[Extracted records]
◆ ◆ ◆ ◆ ◆

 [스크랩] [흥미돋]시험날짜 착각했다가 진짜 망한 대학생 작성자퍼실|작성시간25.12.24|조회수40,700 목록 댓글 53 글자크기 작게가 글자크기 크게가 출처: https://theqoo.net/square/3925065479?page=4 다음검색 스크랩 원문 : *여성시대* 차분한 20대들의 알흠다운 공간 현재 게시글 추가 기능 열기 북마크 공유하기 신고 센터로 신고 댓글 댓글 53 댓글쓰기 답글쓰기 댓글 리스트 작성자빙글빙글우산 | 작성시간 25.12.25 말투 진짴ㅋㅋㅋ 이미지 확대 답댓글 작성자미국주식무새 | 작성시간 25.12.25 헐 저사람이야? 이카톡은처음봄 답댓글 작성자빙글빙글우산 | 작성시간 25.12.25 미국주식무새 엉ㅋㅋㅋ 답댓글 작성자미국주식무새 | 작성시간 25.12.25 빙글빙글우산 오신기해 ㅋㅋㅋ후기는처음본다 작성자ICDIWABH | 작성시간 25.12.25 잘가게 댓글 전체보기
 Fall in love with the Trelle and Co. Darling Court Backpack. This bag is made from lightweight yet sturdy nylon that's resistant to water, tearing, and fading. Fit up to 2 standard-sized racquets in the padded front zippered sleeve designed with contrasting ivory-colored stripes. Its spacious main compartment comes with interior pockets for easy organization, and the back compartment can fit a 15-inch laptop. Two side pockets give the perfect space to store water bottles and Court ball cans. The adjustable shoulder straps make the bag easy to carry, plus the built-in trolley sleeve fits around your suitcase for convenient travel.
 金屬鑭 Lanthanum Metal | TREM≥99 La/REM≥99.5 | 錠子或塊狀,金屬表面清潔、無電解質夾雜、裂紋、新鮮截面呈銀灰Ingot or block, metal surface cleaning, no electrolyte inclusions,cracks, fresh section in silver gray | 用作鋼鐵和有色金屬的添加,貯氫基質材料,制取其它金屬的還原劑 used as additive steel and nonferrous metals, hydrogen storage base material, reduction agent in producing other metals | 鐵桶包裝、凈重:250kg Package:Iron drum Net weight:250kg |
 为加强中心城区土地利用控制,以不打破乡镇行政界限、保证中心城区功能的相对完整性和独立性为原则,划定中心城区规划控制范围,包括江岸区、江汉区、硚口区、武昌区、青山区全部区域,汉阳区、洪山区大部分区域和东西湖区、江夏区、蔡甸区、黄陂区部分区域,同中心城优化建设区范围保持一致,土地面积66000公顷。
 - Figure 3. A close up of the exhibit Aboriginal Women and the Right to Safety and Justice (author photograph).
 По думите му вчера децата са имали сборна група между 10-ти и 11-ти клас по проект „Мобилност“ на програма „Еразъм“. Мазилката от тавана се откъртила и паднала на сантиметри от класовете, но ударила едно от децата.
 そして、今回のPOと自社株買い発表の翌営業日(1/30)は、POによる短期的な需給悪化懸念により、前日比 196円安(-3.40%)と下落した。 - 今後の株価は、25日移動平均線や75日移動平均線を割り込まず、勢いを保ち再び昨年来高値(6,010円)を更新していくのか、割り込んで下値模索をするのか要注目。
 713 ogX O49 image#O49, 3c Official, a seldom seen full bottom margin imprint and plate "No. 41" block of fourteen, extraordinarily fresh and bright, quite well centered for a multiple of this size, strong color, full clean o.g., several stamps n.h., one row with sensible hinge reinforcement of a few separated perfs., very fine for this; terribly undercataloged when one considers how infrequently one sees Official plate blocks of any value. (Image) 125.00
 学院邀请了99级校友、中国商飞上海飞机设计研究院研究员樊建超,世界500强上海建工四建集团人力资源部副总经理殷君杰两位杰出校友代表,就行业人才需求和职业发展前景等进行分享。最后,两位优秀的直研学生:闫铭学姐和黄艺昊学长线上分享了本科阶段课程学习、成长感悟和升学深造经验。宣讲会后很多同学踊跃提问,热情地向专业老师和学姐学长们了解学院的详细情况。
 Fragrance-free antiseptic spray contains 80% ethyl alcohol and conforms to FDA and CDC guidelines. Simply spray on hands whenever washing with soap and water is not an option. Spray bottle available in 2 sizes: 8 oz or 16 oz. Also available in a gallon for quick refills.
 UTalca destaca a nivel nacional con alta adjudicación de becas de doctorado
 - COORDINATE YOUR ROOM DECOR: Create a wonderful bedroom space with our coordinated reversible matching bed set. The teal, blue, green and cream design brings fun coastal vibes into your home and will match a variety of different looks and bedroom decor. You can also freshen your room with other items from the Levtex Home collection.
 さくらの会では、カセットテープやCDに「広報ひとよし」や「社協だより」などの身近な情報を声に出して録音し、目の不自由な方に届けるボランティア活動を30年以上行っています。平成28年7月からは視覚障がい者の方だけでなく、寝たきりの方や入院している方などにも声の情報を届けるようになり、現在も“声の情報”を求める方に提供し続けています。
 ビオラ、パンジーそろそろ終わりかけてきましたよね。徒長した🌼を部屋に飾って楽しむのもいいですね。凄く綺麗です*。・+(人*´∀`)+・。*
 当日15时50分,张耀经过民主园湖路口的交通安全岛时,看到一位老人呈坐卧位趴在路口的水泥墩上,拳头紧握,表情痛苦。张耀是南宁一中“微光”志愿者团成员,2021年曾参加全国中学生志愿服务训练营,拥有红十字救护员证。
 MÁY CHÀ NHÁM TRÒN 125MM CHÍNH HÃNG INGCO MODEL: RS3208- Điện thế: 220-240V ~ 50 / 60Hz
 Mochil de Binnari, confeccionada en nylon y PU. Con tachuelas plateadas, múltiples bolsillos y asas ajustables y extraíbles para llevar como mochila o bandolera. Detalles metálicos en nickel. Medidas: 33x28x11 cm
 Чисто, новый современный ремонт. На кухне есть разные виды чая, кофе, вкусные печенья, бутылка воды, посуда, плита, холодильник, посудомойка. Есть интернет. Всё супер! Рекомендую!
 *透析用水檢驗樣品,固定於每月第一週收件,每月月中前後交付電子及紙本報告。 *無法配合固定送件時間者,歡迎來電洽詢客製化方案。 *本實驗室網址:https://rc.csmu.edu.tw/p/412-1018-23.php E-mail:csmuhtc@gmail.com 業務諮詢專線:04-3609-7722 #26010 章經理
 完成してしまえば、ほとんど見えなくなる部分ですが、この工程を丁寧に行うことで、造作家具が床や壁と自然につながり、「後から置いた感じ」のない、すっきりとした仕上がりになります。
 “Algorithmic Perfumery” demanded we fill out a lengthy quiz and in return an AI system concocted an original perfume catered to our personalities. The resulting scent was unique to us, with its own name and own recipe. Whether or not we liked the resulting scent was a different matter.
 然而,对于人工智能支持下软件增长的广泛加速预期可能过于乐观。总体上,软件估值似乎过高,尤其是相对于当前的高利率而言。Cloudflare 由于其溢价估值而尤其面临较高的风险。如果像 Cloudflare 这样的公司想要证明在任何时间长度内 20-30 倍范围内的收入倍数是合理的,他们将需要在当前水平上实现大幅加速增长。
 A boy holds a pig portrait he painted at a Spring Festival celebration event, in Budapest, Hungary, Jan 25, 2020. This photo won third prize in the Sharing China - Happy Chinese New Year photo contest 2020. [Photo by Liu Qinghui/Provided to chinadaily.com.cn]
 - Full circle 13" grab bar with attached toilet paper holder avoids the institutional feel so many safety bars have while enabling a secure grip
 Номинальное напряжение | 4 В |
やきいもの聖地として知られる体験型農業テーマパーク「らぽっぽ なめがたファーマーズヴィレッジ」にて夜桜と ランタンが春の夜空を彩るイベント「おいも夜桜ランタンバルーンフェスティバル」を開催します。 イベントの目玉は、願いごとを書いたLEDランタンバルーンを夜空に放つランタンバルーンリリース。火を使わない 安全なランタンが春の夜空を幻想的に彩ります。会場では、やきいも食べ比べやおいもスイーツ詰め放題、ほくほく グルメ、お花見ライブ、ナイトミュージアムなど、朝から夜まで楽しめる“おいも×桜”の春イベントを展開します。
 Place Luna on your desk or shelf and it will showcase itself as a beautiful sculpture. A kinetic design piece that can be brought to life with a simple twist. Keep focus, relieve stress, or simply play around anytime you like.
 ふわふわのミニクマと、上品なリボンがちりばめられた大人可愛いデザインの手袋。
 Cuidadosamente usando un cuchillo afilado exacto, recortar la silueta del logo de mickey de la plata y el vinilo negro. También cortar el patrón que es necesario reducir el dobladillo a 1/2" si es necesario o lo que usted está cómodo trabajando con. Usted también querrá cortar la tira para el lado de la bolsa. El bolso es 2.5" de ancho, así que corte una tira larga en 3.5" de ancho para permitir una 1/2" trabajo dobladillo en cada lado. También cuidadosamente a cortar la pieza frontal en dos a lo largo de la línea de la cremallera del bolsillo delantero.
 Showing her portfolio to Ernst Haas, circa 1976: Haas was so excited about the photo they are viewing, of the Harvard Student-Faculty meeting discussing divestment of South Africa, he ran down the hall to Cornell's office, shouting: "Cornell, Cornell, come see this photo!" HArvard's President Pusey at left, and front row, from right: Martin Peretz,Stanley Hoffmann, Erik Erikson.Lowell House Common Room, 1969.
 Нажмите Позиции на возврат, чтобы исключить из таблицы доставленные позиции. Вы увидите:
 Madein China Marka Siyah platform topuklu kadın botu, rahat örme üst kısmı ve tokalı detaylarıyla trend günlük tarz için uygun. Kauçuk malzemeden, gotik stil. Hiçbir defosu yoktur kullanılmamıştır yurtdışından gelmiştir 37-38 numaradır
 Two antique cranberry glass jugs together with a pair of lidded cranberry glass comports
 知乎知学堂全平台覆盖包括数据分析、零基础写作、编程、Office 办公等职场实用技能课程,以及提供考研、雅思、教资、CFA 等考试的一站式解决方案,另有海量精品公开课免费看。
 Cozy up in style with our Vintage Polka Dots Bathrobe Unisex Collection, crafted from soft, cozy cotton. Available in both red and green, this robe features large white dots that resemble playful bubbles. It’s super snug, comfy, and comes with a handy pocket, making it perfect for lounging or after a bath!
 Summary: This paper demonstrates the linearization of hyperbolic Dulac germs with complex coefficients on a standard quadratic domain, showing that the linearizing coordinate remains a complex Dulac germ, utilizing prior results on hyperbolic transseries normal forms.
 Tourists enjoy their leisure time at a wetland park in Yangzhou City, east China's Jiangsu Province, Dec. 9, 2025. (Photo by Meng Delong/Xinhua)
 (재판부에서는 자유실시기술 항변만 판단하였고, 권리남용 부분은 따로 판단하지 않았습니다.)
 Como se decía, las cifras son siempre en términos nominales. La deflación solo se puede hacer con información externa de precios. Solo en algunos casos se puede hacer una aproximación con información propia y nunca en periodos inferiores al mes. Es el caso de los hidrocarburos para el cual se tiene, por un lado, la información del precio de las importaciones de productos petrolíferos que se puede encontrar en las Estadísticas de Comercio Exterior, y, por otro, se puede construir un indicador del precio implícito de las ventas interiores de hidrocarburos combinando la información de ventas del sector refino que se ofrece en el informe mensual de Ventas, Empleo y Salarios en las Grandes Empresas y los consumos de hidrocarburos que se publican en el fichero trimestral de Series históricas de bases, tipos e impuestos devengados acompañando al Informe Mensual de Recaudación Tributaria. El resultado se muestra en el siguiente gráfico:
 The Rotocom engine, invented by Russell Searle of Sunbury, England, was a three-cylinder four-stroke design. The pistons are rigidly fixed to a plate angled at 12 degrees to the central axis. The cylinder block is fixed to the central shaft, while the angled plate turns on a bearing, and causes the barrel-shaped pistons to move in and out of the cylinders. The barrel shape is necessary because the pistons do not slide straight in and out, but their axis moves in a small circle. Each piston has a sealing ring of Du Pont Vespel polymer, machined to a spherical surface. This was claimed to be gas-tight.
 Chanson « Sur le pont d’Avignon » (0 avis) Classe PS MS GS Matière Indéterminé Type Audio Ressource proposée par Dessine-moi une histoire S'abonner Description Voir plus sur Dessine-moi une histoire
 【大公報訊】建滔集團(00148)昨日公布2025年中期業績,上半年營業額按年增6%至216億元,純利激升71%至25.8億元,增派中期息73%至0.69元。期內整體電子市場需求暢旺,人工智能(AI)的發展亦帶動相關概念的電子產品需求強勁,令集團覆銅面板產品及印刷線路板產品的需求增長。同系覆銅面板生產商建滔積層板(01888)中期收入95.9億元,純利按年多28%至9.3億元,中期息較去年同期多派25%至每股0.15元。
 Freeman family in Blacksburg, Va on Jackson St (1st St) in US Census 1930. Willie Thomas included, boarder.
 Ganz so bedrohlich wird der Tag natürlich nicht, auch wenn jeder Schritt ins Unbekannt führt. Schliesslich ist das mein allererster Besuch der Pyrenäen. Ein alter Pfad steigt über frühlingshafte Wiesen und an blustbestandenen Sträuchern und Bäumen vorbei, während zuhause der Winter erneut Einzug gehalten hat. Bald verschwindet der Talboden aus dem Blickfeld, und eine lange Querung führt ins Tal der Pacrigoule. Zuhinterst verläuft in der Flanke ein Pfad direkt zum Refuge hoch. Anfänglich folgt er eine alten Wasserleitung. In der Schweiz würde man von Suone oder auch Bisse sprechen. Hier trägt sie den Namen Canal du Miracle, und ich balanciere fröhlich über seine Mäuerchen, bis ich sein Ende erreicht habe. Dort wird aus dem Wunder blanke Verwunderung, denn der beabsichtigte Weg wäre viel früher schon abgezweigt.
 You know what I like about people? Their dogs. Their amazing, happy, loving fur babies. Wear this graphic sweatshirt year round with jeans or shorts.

◆ ◆ ◆ ◆ ◆

• **Exercise brief**
Go through the records above and return each line in which the word "about" occurs.

• **Task solution**
 Showing her portfolio to Ernst Haas, circa 1976: Haas was so excited about the photo they are viewing, of the Harvard Student-Faculty meeting discussing divestment of South Africa, he ran down the hall to Cornell's office, shouting: "Cornell, Cornell, come see this photo!" HArvard's President Pusey at left, and front row, from right: Martin Peretz,Stanley Hoffmann, Erik Erikson.Lowell House Common Room, 1969.
 You know what I like about people? Their dogs. Their amazing, happy, loving fur babies. Wear this graphic sweatshirt year round with jeans or shorts.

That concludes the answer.